It’s official: the Maryland state legislature has passed HB 1087, titled “Electricity – Community Solar Energy Generating System Program,” bringing MD one step closer to community solar. If you’re not familiar with community solar, check out our write-up on the Maryland community solar legislation and the challenges faced by these programs.
The bill, which enjoyed bipartisan support passed 46-0 in the Senate and 111-29 in the House. However, there are still a few steps that must be taken before Maryland residents will be able to participate in community solar programs through this law. First, Maryland’s new governor Larry Hogan has to sign the bill into law. Once the bill becomes law, it is up to the MD Public Service Commission (PSC) to adopt regulations in order to implement the bill. This will be a critical point, as other community solar legislation has been slowed down at this stage. (DC for example has not yet implemented their community solar program despite legislation passed in 2013; Maryland’s bill gives the PSC a generous full year to determine relevant rates, etc.)

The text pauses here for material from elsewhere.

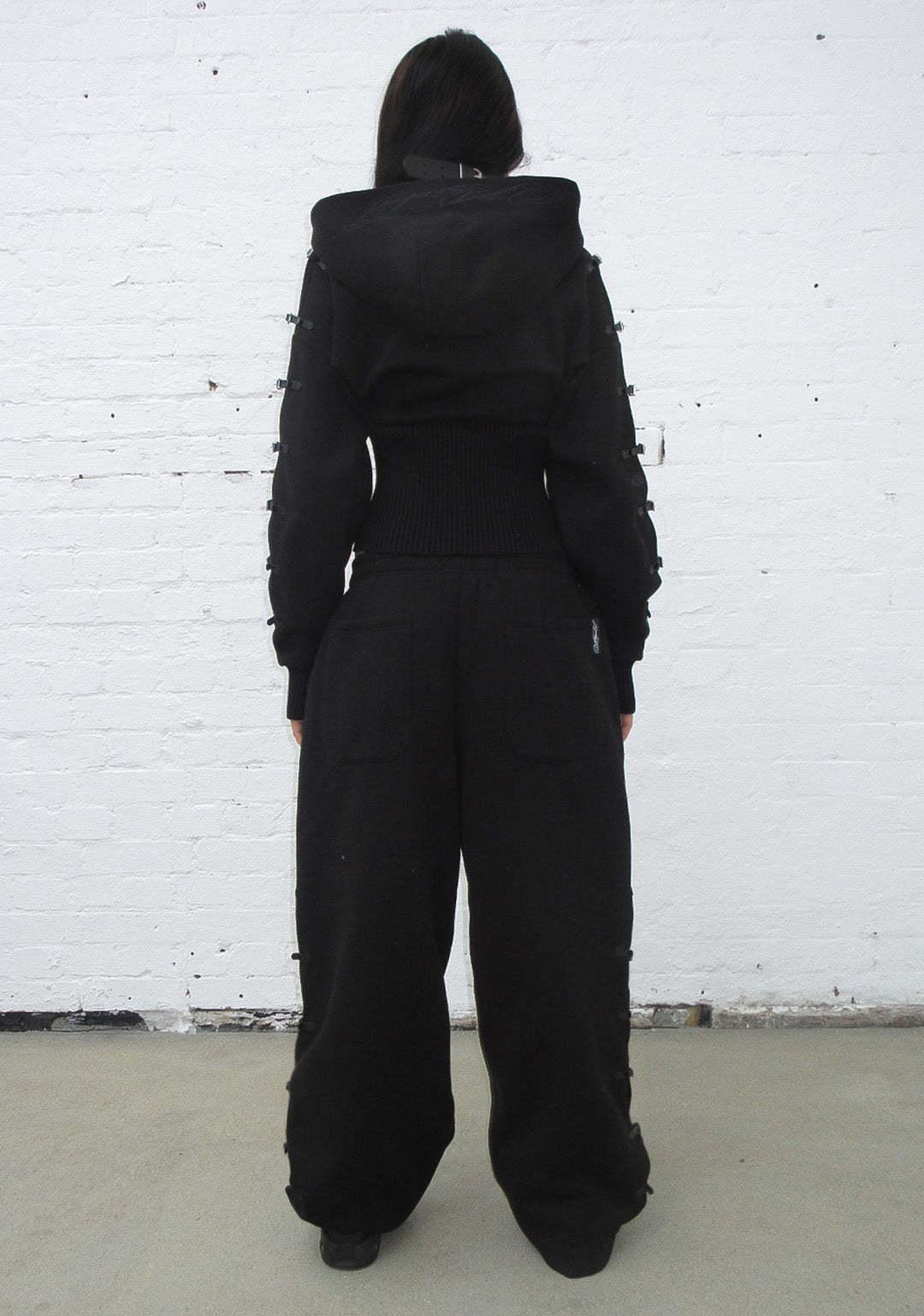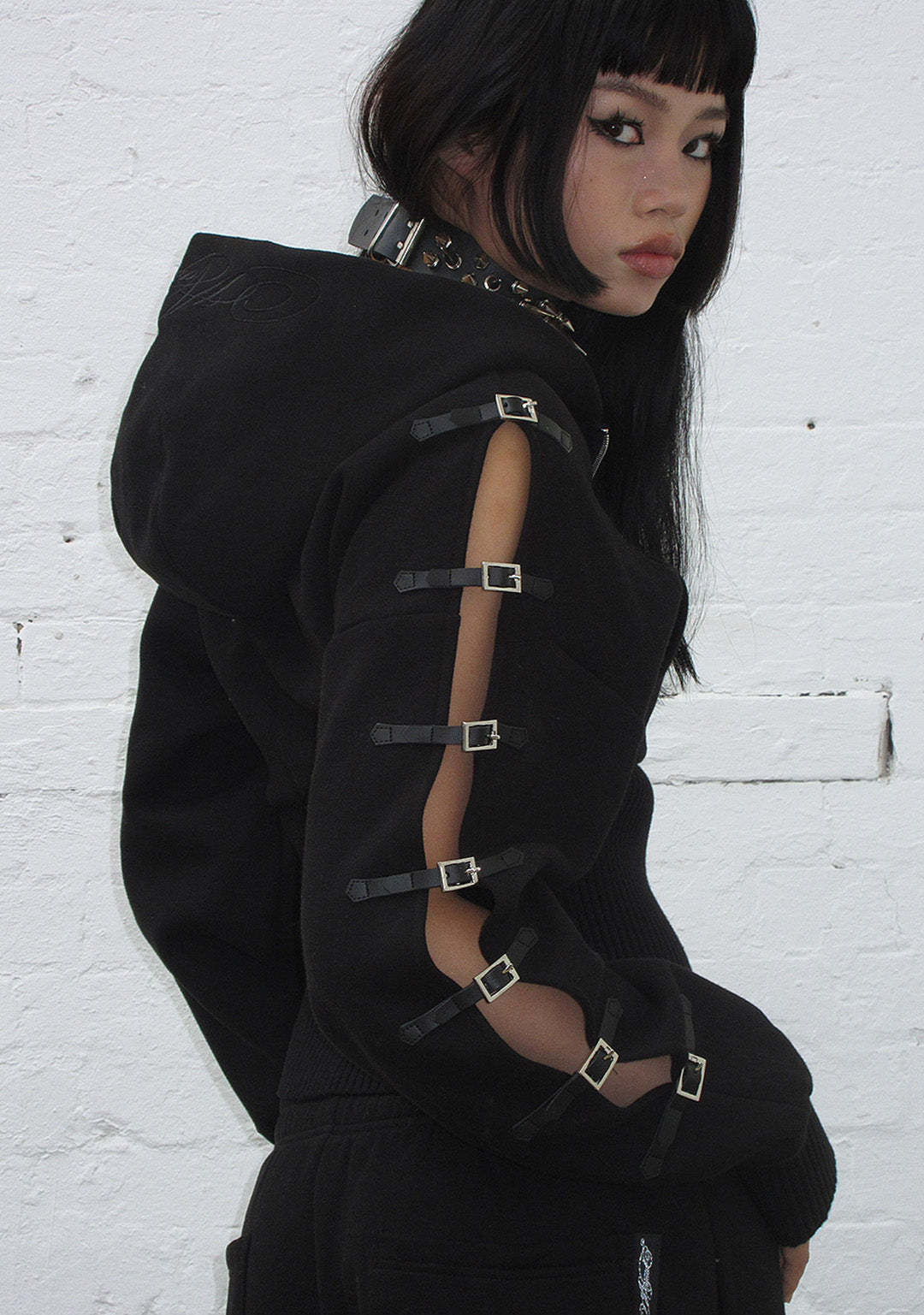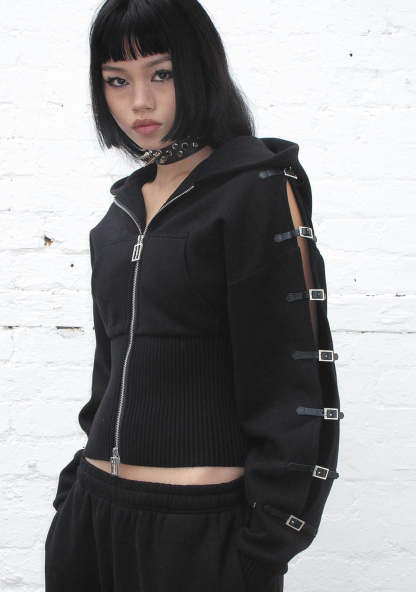 CRUSH BUCKLE FITTED WAIST ZIP HOODIE BLACK
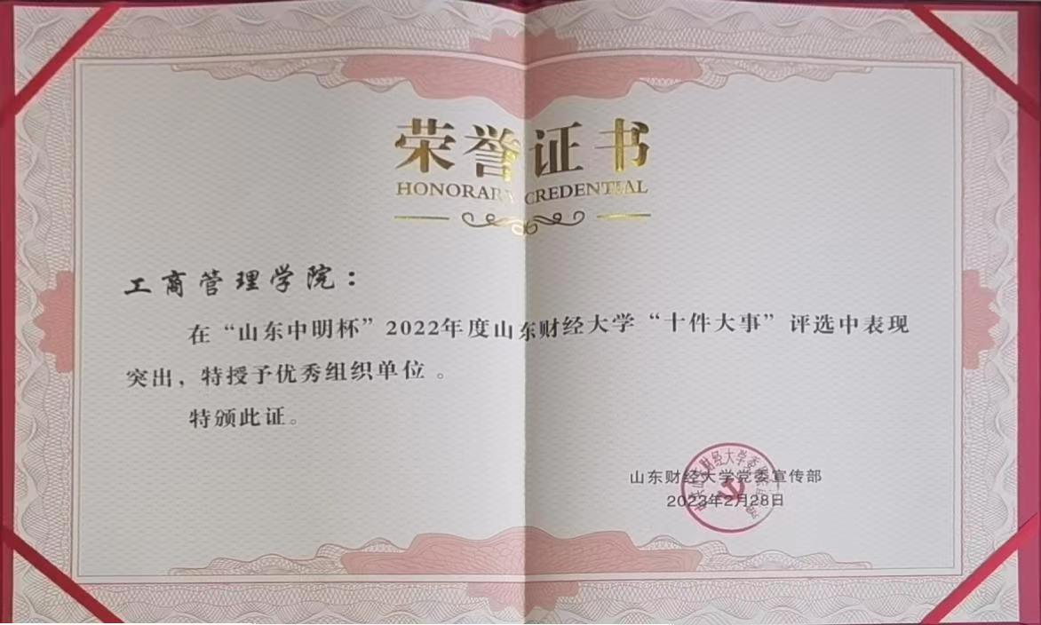 2月28日下午,“山东中明杯”2022年度性爱网站 “十件大事”评选总结会议在燕山校区举行。性爱网站 荣获优秀组织单位奖。

HB 1087 establishes a pilot period, extending three years after the beginning of the program, which is denoted by the first submission of a petition from a subscriber organization, or six months after the PSC adopts the required regulations. Establishing a strong and fair set of regulations is imperative to the permanent success of community solar in Maryland, as the PSC will convene a stakeholder working group following the termination of the pilot program to study the feasibility of establishing a permanent program. The listed deadline for the recommendation from this study is July 1, 2019.
Of course, and unlike in other jurisdictions where community solar has been adopted, the fundamental legal requirements to carry out this business model are already in place – see our Remote Solar blog for more information; however, this legislation may reduce some of the financial risk and regulatory barriers to entry associated with creating such projects.
Community solar fulfills all three pillars of sustainability: the environment, economy, and social equity. The third pillar, social equity is often overlooked with typical solar projects. Marylanders will not be excluded from access to solar energy because they rent their living space, or live in an area not physically suited for their own solar array. About 32.4% of Americans do not own their homes, so there is certainly a sizable market of Marylanders who have not yet had access to solar. Additionally, lower-income residents will be more able to access solar, as more low-income residents rent, rather than own their properties. As the solar industry continues to grow, it is important to reduce barriers for those who are actively interested in solar, as they will continue to drive the growth of the industry.